Diduga virus COVID-19 menyebar dari karyawan perusahaan. “Ada dua kecamatan, yaitu Anggana dan Loa Janan, masuk zona merah terus, ini membuat Satgas COVID-19 Kukar merasa prihatin, ” ucap Bupati Edi Damansyah, saat jumpa pers terkait evaluasi COVID-19, Senin 18 Januari 2021 di kantor Bupati Kukar bersama Forkopimda dan OPD.

Selain itu, kata Edi, ada 22 desa tercatat zona merah COVID-19 sejak awal pandemi. Tren kurva kasus terkonfirmasi positif masih terus meningkat.

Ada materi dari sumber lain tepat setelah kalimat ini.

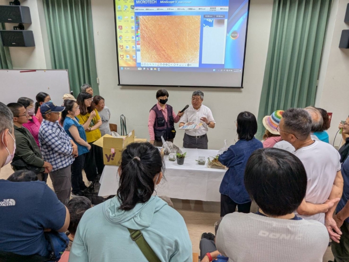 這次工作坊課程結合社區居民生活經驗,介紹原生蕨類生態,配合有性及無性繁殖實作技術教學,吸引了大雪山林業生產合作社、臺中市林業生產合作社、苗栗縣麻必浩部落發展協會、南勢社區、興隆里社區、大雪山社區等社區民眾報名參加。經過黃博士說明,蕨類植物不開花也不結果,以孢子來繁殖後代,課程中介紹蕨類孢子採集方式,更實際操作頂芽狗脊蕨的不定芽無形繁殖技巧,使初次接觸蕨類培育的社區人員樂在其中,原來在野外常見的蕨類是個寶,直呼是前所未有的體驗。
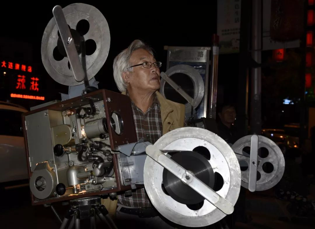 2019年10月6日,遼寧大連。大爺在商業(yè)街為市民放映老膠片電影。作者:刁丕仁
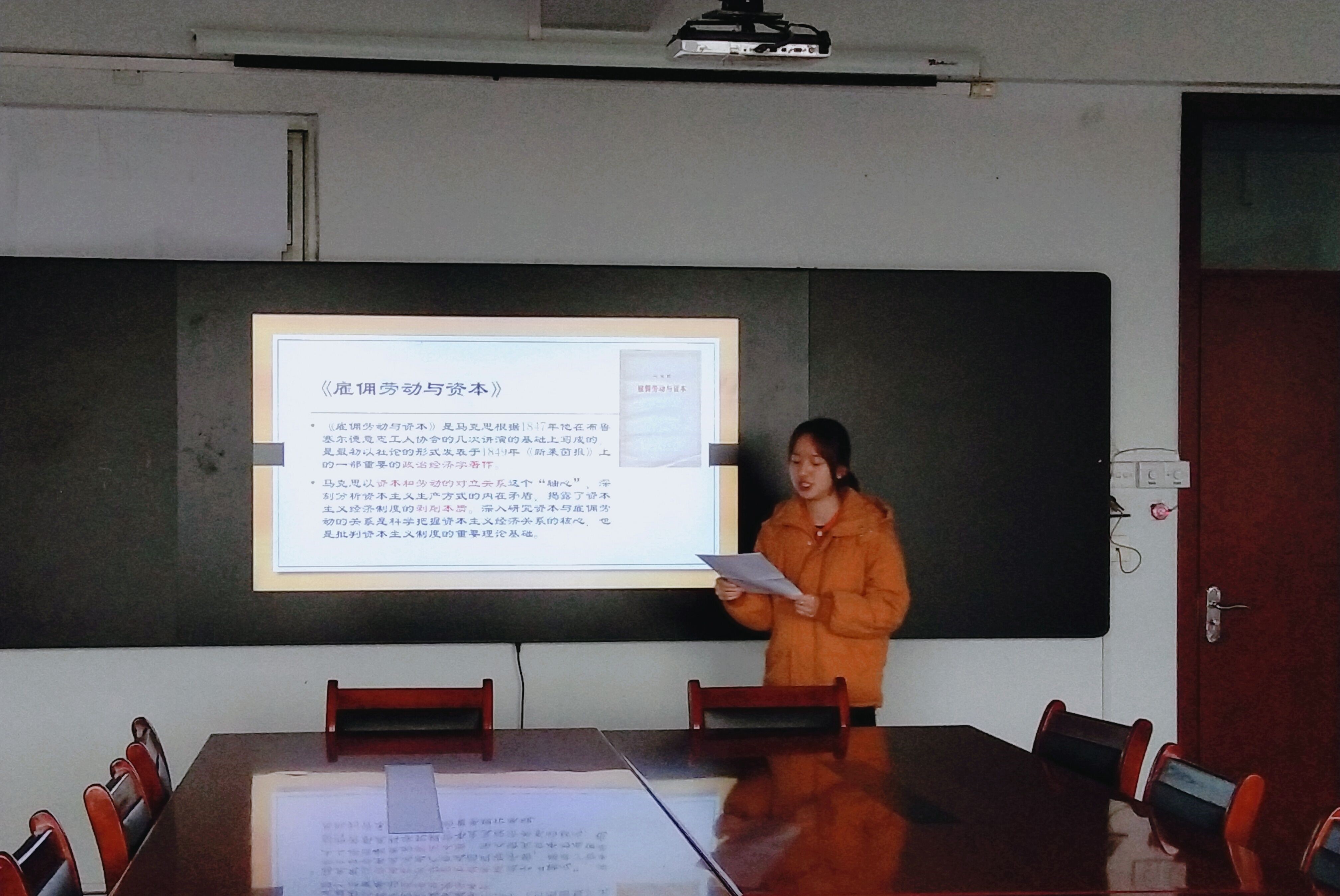 比赛中,每位参赛选手各展风采,结合PPT分享了自己阅读经典的感悟与思考。其中,2018级学前教育专业贾佳分享读《共产党宣言》后的感想,PPT制作精美,作品内容条理清晰。2018级心理学专业郭浩然演讲仪态自然大方,从容流畅地向我们分享了《德意志意识形态》,充分体现了大学生对历史的理解与感悟。2019级学前教育专业郝嘉怡从《湖南农民运动考察报告》出发,讲解农民运动历史,深入分析“相信群众、依靠群众、发动群众”的思想,赢得同学们的赞同。评委们对参赛同学的优秀表现提出赞扬,同时对演讲方式与展示的内容提出建议。
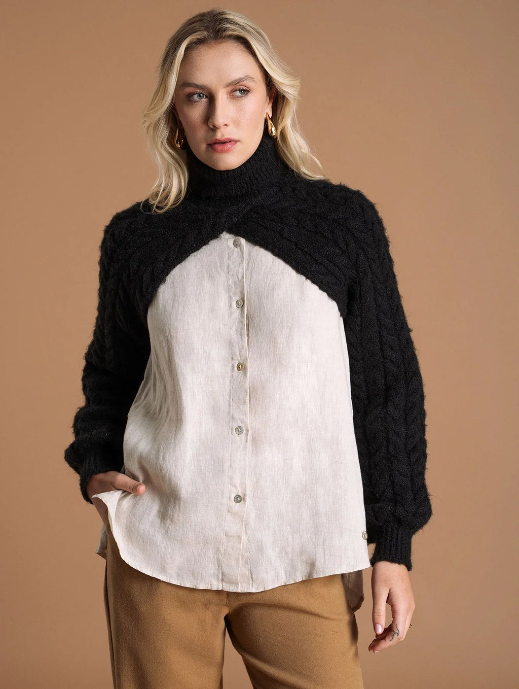 Ideal para destacar as produções, o bolero com tecimento em tranças e gola alta Urbanity 10205 aquece e transforma os looks. O modelo pode ser usado por cima de diferentes peças, como regatas, malhas e vestidos, criando um efeito único e muito moderno. Além disso, o tricô trançado e o acabamento canelado proporcionam um toque de charme e aconchego a mais. Descubra o conforto e a elegância da Urbanity (Grupo Biamar) em cada detalhe desta peça incrível. Não perca a oportunidade de ter uma peça-chave no seu armário.
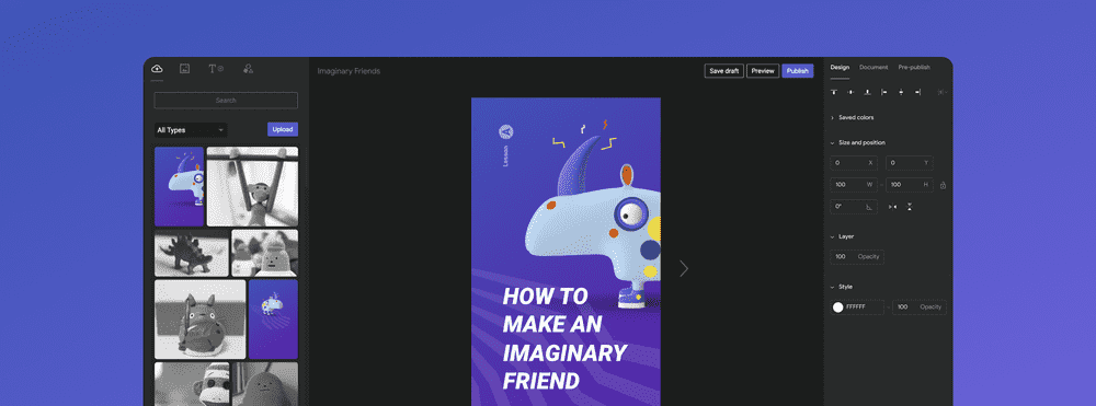 And since we’d like you to start with rich, high-quality media when designing a story, we’ve collaborated with Unsplash to make their extensive high-quality photo library just a click away, as well as Coverr, giving you high-quality, free stock video right from the editor.
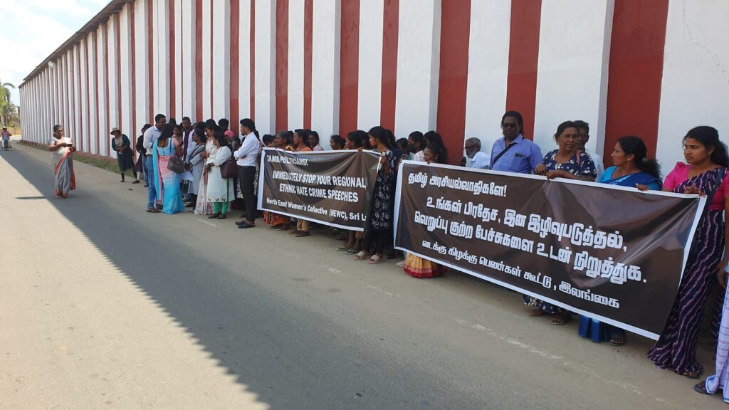 எனவே, அனைத்து அரசியல் தலைமைகளும் உடனடியாக தங்களது பொது உரைகளில் பொறுப்புணர்வுடன் நடந்து கொள்ள வேண்டும். இன, பிரதேச மொழி அடிப்படையிலான இழிவுபடுத்தல், அவதூறு மற்றும் வெறுப்பு பேச்சுகளை முற்றிலும் தவிர்க்க வேண்டும் என்பதையும் வலியுறுத்துகிறோம் என போராட்டகாரர்கள் தெரிவித்தனர்.
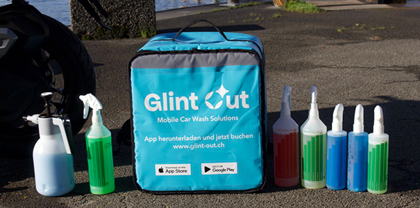 Glint Out ist das neue Öko-Startup mit Sitz in Zürich. Die erste App in der Schweiz, die sich ganz der Auto- und Motorradwäsche zu Hause widmet.
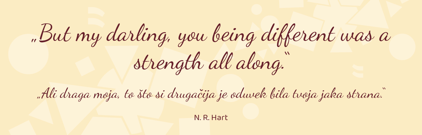 Neke sopstvene osobine, kao preosetljivost i perfekcionizam, na primer, stalno su mi posmatrane i isticane kao mane, veliko je olakšanje čuti i pročitati niz takvih primera, osvestiti te delove sopstvene ličnosti, i na kraju, ma koliko apsurdno zvučalo, ne stideti se zbog toga.“
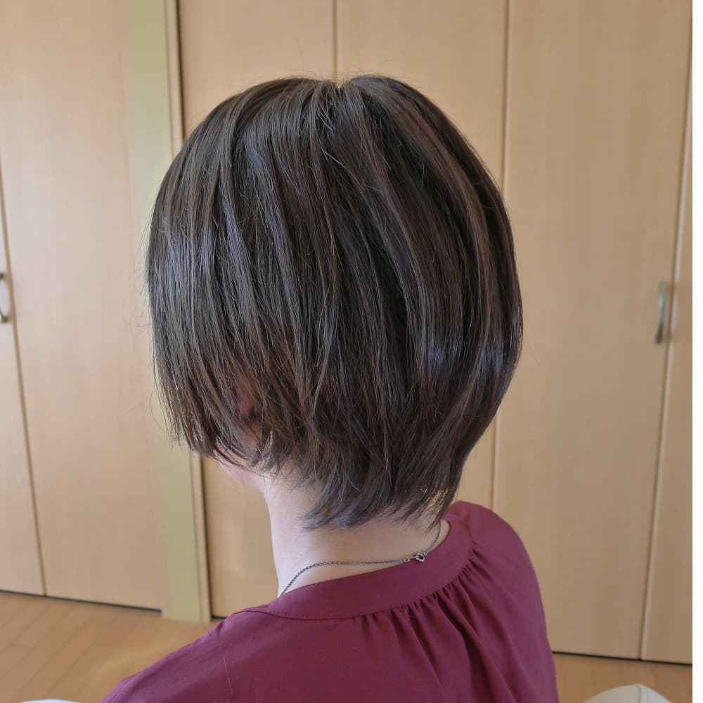 今の髪型に近づくようカットしてお作りします。また、治療中は長めに作成して、ウィッグを外す前に自毛に合わせて短めにカットすることも出来ます。

Per hari ini, sebanyak 5.814 orang positif, 4.843 sembuh, 859 masih dirawat, serta 112 meninggal dunia.

Advertisement

“Yang meninggal bukan hanya orang Kukar, ada juga orang luar. Namun, terpapar COVID dari Kukar, ” jelasnya.

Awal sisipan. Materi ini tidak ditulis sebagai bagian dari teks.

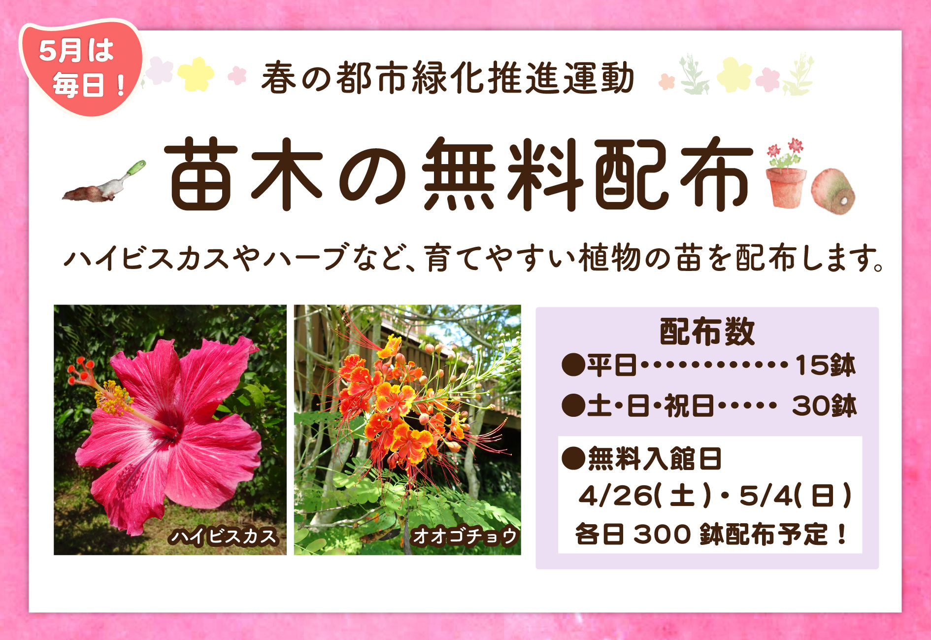ハイビスカスやハーブなど、育てやすい植物の苗木を配布します。
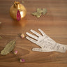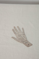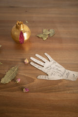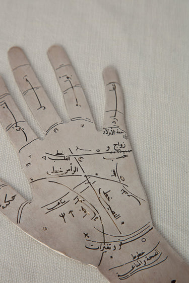 Decorative silver tinned palm reader with engraved lines with the signification of each of them in Arabic. This item can be put on a coffee table for a poetic effect.
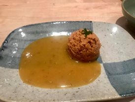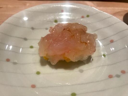 During the meal, each course is served to all guests at once. The cadence and tempo of the meal have been mindfully created to allow each course to be enjoyed to the fullest. The couple to my right appeared to be regulars as they bragged or raved about how they like excellent sushi and this was not a special occasion for them. I noticed the woman had passed on several courses, probably because she knew she had to save room for her favorite dishes.
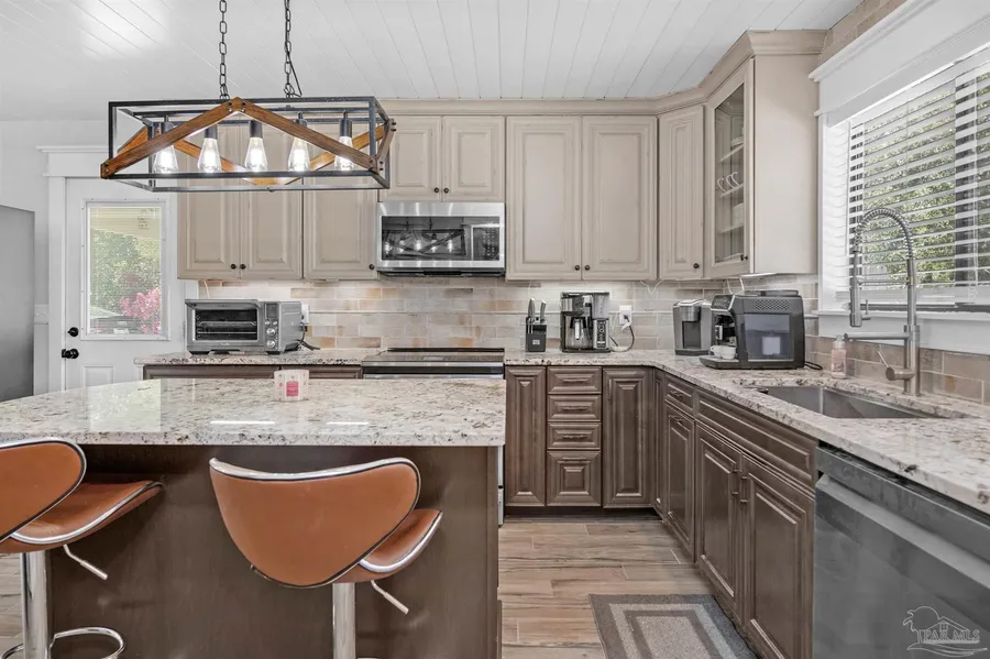 Welcome to this charming 2-story home in the desirable Robledal Estates, offering 3 spacious bedrooms, 2 bathrooms, & a versatile bonus room, all nestled on just under an acre of beautiful property. With approximately 206' of water frontage, you'll enjoy serene views & plenty of room to unwind by the water. The home features a recently renovated kitchen with sleek granite countertops, custom cabinets, stainless steel appliances, & stylish wood-look tile. The kitchen overlooks the inviting pool area, which includes a Gunite pool with a Baja shelf & a hot tub, surrounded by a spacious paver patio-perfect for outdoor entertaining. A bright Florida room brings the outdoors in, offering even more space to relax & enjoy the natural surroundings. Inside, the Living Room & Dining Room showcase gorgeous shiplap ceilings, pressed bamboo flooring, & beautiful new lighting. A 12x20 yard building provides additional storage or workspace. Plus, the sellers are offering a generous $15,000 allowance for you to customize the owner's bathroom to your liking! For those who enjoy water activities, the voluntary HOA with Crab Inc. gives you access to a boat launch, beach, picnic area, & exclusive events with a one-time fee of just $417. Full list of upgrades/features located under the "documents" tab. This home is truly a hidden gem-don't miss your chance to make it yours!
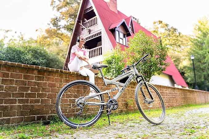 Licorne bike strong 2d premium mountain bike in 26, 27,5 and 29 inches, bicycle for boys, girls, women and men, front and rear brake, gear box, full stop
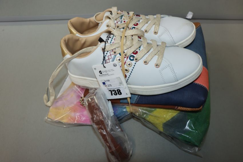 One as new Desigual Faded Fine jumper with diamonds size L (20SWJF41). One as new Desigual Centauri Kemi Shoulder bag (20SAXPE3). One pair of as new Desigual Cosmic New Exotic sneakers size 5 (20SSKL03 1000) (Slight dust marks to the side).
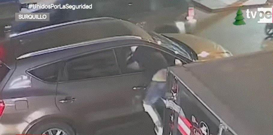 En una de las imágenes grabadas por la Policía, se observa cómo uno de ellos se abalanza sobre el pasajero de un taxi. Foto: TVPerú Noticias.
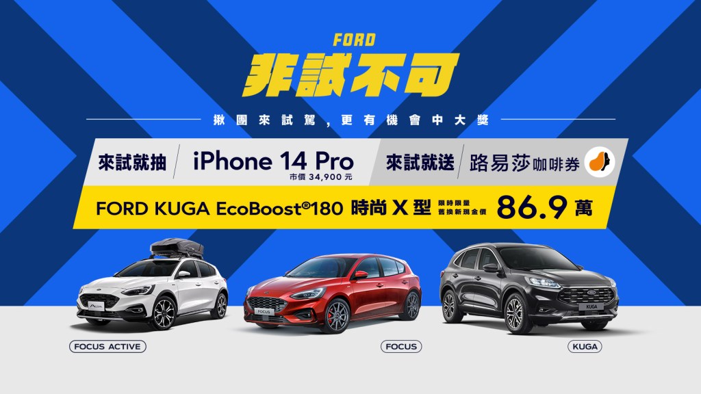 | Ford全車系 | 10月1日至10月31日止 前往全台經銷據點體驗試駕任一車款,即可獲贈路易莎咖啡兌換卷乙張(數量有限,送完為止),並具備週週抽iPhone 14 Pro的抽獎資格,揪團試駕中獎機率再加乘 |

Edi menyimpulkan, Anggana dan Loa Janan “betah” menyandang zona merah karena ada aktivitas karyawan perusahaan yang melakukan perjalanan. Saat kembali bekerja, menimbulkan klaster penularan baru.

Oleh sebab itu, Pemkab meminta kepada karyawan perusahaan untuk tetap memperhatikan manajemen tenaga kerja, dengan menerapkan standar protokol pencegahan penyebaran COVID-19.

“Biasanya bukan klaster karyawan yang di mess, tapi karyawan yang pulang ke rumah. Kita ingin setelah pulang sudah bersih dari virus, ” katanya.

Edi memastikan, pemberlakuan pembatasan kegiatan masyarakat (PPKM) yang sudah diterapkankan sejak beberapa bulan lalu, akan dievaluasi lagi.

Baca Juga  Kutai Kartanegara Kekurangan Figur Calon Kepala Sekolah

“Pastinya, kita akan libatkan tokoh masyarakat dan agama, agar tidak bosan mengajak masyarakat menerapkan protokol COVID-19 di tempat umum, ” tandasnya.